Educational How-To
How to Get More Customers as a Pet Sitter in Gold Coast
Most pet sitters in Gold Coast still rely on word of mouth. A client tells a neighbour, that neighbour tells a friend, and slowly the bookings trickle in.
By SEARCHMAXXED, AEO Agency · 4 March 2026 · 11 min read
Introduction
Most pet sitters in Gold Coast still rely on word of mouth. A client tells a neighbour, that neighbour tells a friend, and slowly the bookings trickle in. That approach worked a decade ago. It doesn't cut it anymore.
In 2026, 97% of customers search online before choosing a local service provider. That includes pet owners looking for someone trustworthy to care for their dog, cat, or rabbit while they're away. They're typing "pet sitter in Gold Coast" into Google, scanning reviews, checking websites, and making a decision — often within minutes.
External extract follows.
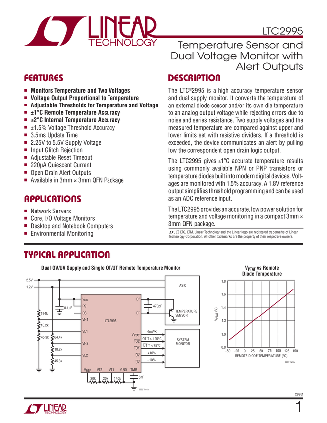 Temperature Sensor and Dual Voltage Monitor with Alert Outputs
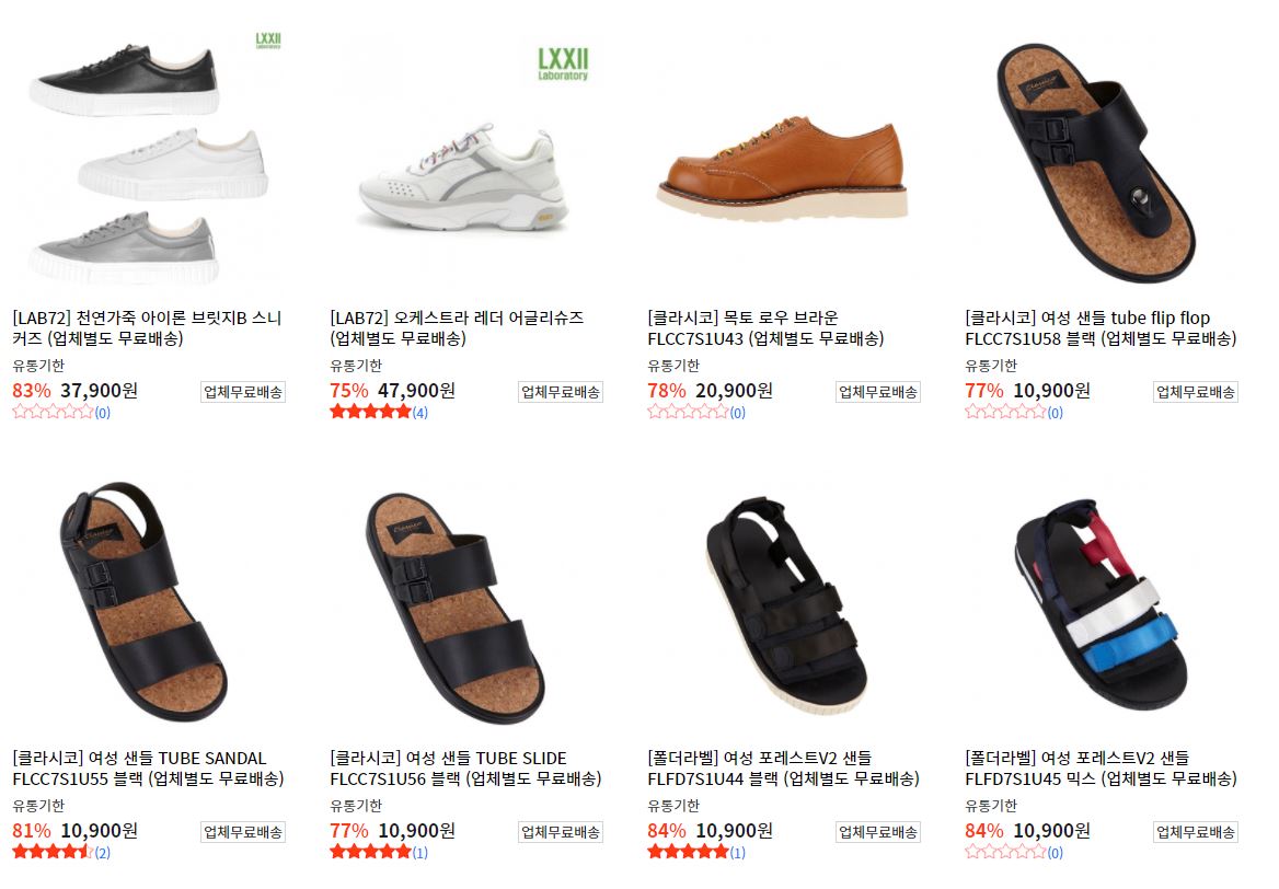 할인 품목 : 운동화, 샌들 등

If your business doesn't show up in those searches, you're invisible. And invisible businesses don't grow.
The good news? You don't need a massive budget or a marketing degree to fix this. You need a clear system: the right online presence, a steady stream of reviews, content that builds trust, and a way to track what's working.
This guide walks you through exactly how to get more customers as a pet sitter in Gold Coast — step by step. Whether you're a solo operator running things from your home or managing a team of sitters across Burleigh Heads to Southport, these strategies apply. The average pet sitting job brings in $50 to $100 per day, so even a handful of new bookings each month can meaningfully change your revenue.
Let's get into it.
TL;DR
- This is a step-by-step guide to getting more customers as a pet sitter in Gold Coast
- Covers Google Maps optimisation, reviews, website SEO, content marketing, and AI search
- Average pet sitter job value sits between $50 and $100 per day — a few extra bookings per week adds up fast
- Includes practical templates and tools you can implement today
- Explains when DIY makes sense and when hiring a professional pays off
Step 1: Claim and Optimise Your Google Business Profile
Your Google Business Profile (GBP) is the single most important free tool available to you right now. When someone searches "pet sitter near me" or "pet sitting Gold Coast," Google pulls results from the Maps pack first — those three listings with star ratings that appear above the regular search results. If you're not there, you're losing calls to competitors who are.
Here's how to set it up properly:
First, go to business.google.com and either claim your existing listing or create a new one. Google will verify your business, usually by sending a postcard with a code to your address or through a phone verification.
Once verified, fill out every single field. This isn't optional — completeness matters. Include:
- Business name: Use your actual registered business name. Don't stuff keywords in here (e.g., "Best Pet Sitter Gold Coast" will get your listing suspended).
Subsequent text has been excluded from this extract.